RDBMS have three primary purposes as a data storage format:

  1. To reduce duplication of data;
  2. To speed-up access and insertion of new data;
  3. To insure data integrity.

Items 2 and 3 above are accomplished at the software level, by deploying strict checks on data input, complex data indexing systems, and implementing redundant, automated, backup systems, to name just a few of the functionalities offered by RDBMS. Item 1 above, reducing duplication of data, is accomplished by using a specific, “relational” data structure that encourages the use of controlled lists of data mapped to individual observations. Looking at our mtcars subset data, for example, we see that while there are ten observations, there are only 6 makes of cars. To represent this in RDBMS, we first create a “Table,” a named collection of data, that contains a unique list of car makes:

Table 1.2: MAKE_TABLE
id Make
1 Mazda
2 Datsun
3 Hornet
4 Valiant
5 Duster
6 Merc

Once we have a table of unique lists, we then create and populate a table of our cars, associating each car with its appropriate make from the MAKE_TABLE table:

Table 6.1: CARS_TABLE
Make Model mpg cyl disp hp
1 RX4 21.0 6 160.0 110
1 RX4 Wag 21.0 6 160.0 110
2 710 22.8 4 108.0 93
3 4 Drive 21.4 6 258.0 110
3 Sportabout 18.7 8 360.0 175
4 Valiant 18.1 6 225.0 105
5 360 14.3 8 360.0 245
6 240D 24.4 4 146.7 62
6 230 22.8 4 140.8 95
6 280 19.2 6 167.6 123

In the above table, we only normalized the car Make field. In a fully normalized RDBMS data structure, we would also create a control table for the Model field in anticipation of the fact that we could have more than one observation for a given model. Fully normalized RBDMS data structures use control tables for all fields that contain string data. The image below shows a sample Entry Relationship Diagram (ERD) for a more complex dataset relating to course offerings and enrollments. Each line connecting two tables marks a field in a “join” table that uses the id field in a control table (known as a foreign key) to associate information in the control table with the records in the join table.

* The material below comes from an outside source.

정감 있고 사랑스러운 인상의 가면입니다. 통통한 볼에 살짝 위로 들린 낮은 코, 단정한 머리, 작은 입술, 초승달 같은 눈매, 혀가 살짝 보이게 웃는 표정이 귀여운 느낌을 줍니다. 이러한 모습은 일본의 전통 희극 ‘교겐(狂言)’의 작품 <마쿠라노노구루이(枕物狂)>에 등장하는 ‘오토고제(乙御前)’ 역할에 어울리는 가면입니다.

6.6 Non-Hierarchical Relational Data

In the era of the social network, it is becoming increasingly necessary to represent relationships between entities that are not hierarchical. Unlike a family tree, the fact that you are connected to someone on Facebook or Instagram does not imply any type of hierarchical relationship. Such networks are typically represented using the Graph data structure:

Graphs consists of collections of vertices or nodes, the entities being graphed, and edges, the relationships between nodes.

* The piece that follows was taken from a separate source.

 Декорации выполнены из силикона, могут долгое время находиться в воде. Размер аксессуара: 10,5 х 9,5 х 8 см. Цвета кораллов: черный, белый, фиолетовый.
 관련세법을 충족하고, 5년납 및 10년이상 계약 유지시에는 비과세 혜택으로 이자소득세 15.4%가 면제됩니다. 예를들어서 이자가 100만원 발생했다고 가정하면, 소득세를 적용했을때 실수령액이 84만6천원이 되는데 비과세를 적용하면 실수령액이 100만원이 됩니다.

Another important aspect of graph data is the concept of directionality. A directed graph indicates the direction of the relationship identified by the edge. We might, for example, wish to draw edges that indicate that one node was influenced by another node, in which case we could identify an “influence” edge and use directionality to indicate who influenced whom:

Graph data can be stored and or transferred using any of the data formats discussed above or using specialized graph databases management software.

6.7 Geospatial Data

Geospatial data represents a final type of data with it’s own, unique data structure. Geospatial data unique because it always relates directly to the physical world and, because it relies on world-wide standards which have been in development and communally accepted for hundreds of years. Because of its uniqueness as a data type, geospatial data will be covered as a stand-alone topic later in the course.